• _WHAT THE EXERCISE ASKS_: Restate, exactly and without pictures, the lines from the start of the listing below through the line holding "- شاشة هايسنس".

• _TASK MATERIAL_:
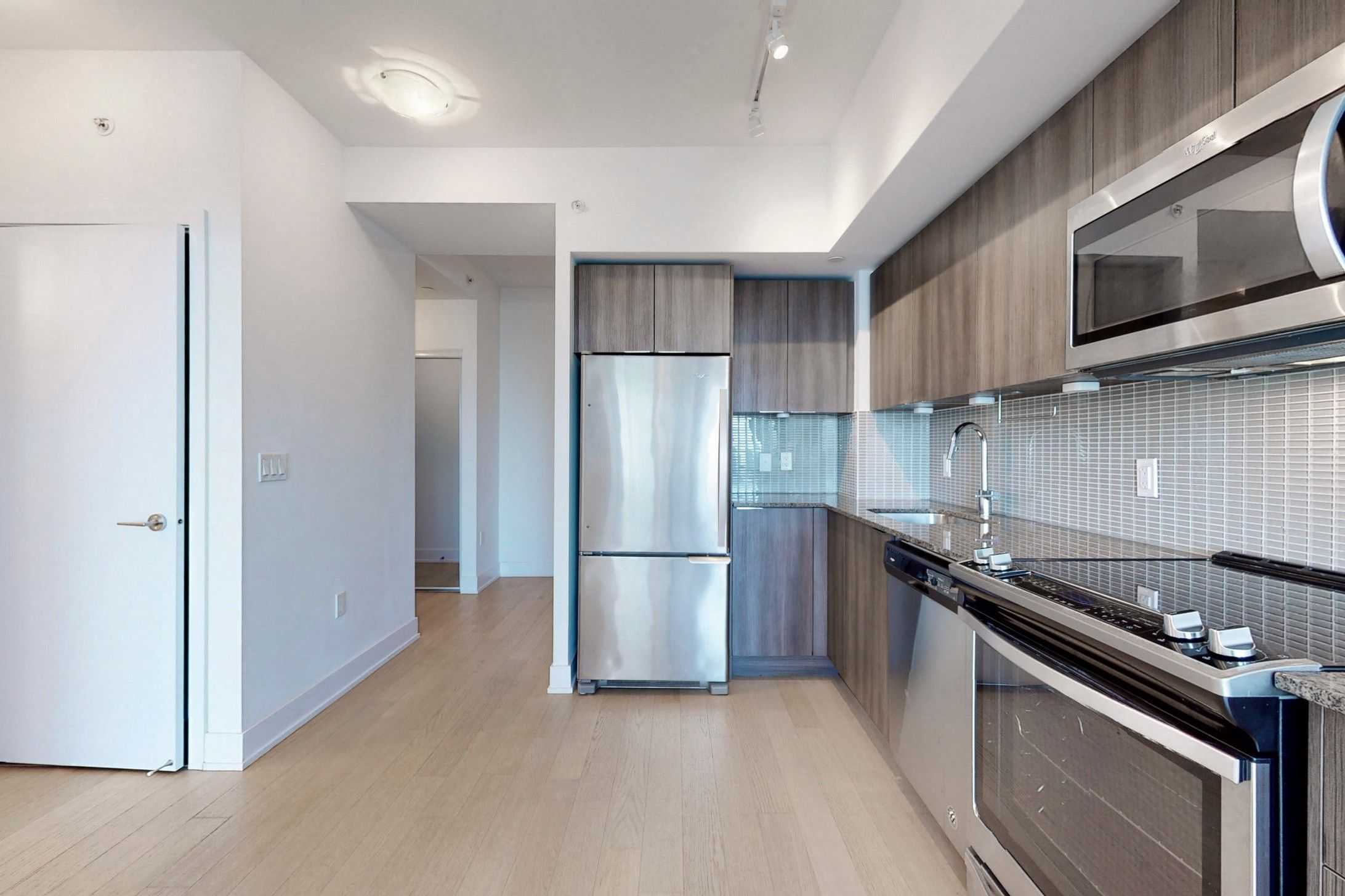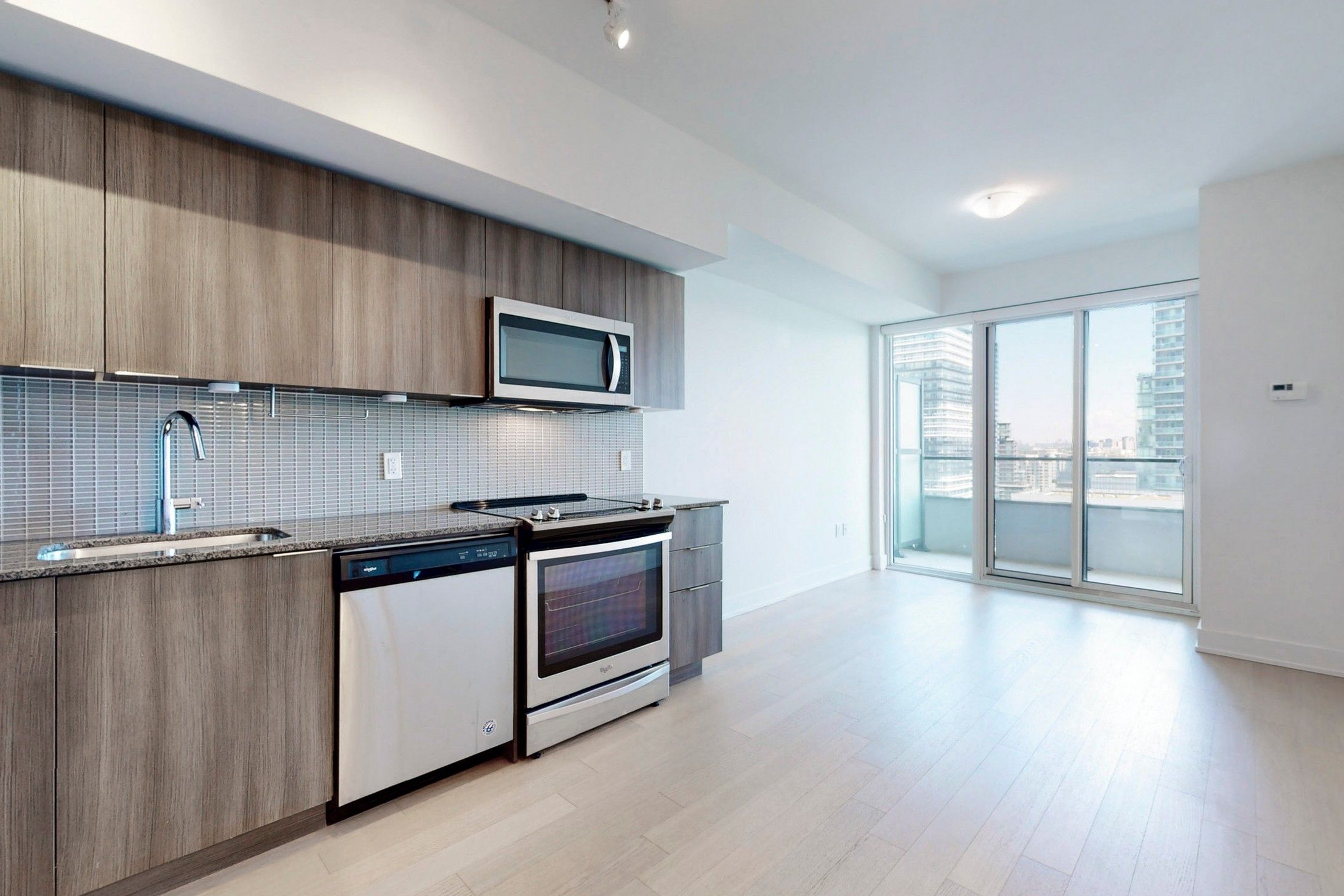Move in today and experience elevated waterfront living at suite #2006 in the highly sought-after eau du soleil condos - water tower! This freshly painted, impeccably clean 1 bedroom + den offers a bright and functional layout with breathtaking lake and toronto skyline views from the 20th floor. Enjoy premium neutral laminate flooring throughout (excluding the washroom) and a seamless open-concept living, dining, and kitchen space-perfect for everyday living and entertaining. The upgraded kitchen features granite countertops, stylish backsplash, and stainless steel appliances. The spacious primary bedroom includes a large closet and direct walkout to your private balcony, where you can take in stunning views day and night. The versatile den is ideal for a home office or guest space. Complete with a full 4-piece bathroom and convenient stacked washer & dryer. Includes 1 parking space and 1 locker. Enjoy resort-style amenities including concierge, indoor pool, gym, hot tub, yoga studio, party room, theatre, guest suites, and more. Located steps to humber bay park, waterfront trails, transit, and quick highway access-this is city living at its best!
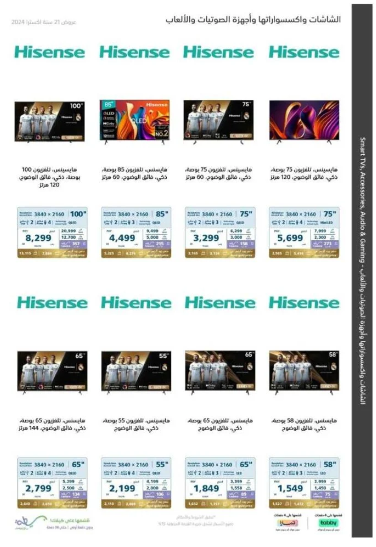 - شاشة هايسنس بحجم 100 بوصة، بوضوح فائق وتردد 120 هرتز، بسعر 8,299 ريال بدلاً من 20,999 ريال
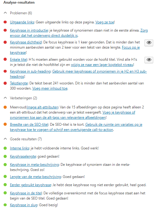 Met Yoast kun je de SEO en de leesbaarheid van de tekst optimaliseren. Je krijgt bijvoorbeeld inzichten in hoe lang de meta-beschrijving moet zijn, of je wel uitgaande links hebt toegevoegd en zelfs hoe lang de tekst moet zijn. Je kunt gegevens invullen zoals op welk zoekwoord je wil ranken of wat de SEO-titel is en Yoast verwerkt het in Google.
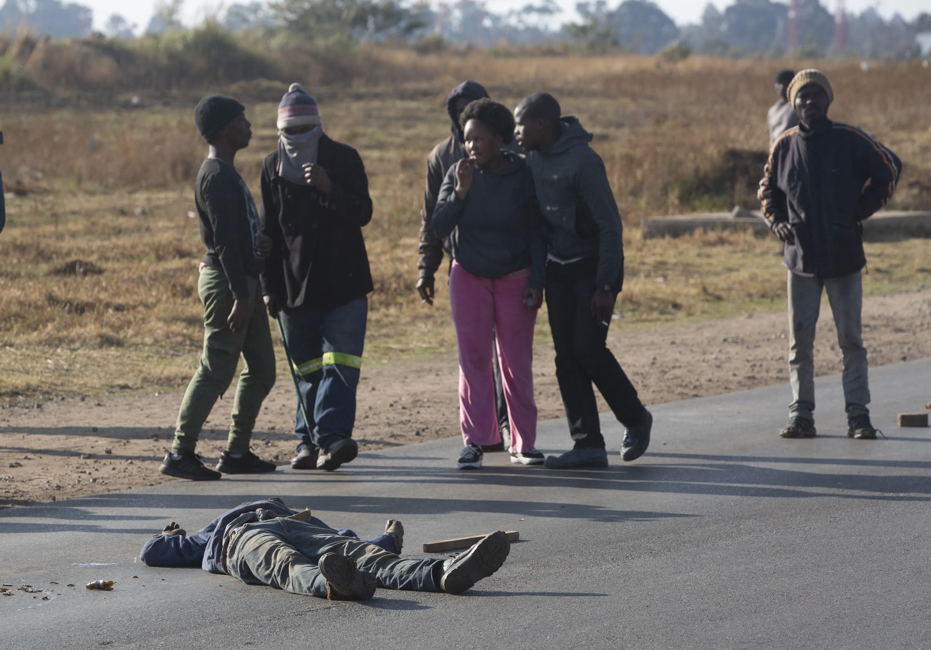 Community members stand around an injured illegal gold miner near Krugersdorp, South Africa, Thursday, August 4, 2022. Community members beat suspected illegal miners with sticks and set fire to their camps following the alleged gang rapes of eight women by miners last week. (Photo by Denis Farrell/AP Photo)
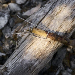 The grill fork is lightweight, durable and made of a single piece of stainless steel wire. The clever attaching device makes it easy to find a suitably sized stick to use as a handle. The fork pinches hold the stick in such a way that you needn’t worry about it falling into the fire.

• _ANSWER TO THE PROBLEM_:
Move in today and experience elevated waterfront living at suite #2006 in the highly sought-after eau du soleil condos - water tower! This freshly painted, impeccably clean 1 bedroom + den offers a bright and functional layout with breathtaking lake and toronto skyline views from the 20th floor. Enjoy premium neutral laminate flooring throughout (excluding the washroom) and a seamless open-concept living, dining, and kitchen space-perfect for everyday living and entertaining. The upgraded kitchen features granite countertops, stylish backsplash, and stainless steel appliances. The spacious primary bedroom includes a large closet and direct walkout to your private balcony, where you can take in stunning views day and night. The versatile den is ideal for a home office or guest space. Complete with a full 4-piece bathroom and convenient stacked washer & dryer. Includes 1 parking space and 1 locker. Enjoy resort-style amenities including concierge, indoor pool, gym, hot tub, yoga studio, party room, theatre, guest suites, and more. Located steps to humber bay park, waterfront trails, transit, and quick highway access-this is city living at its best!
 - شاشة هايسنس بحجم 100 بوصة، بوضوح فائق وتردد 120 هرتز، بسعر 8,299 ريال بدلاً من 20,999 ريال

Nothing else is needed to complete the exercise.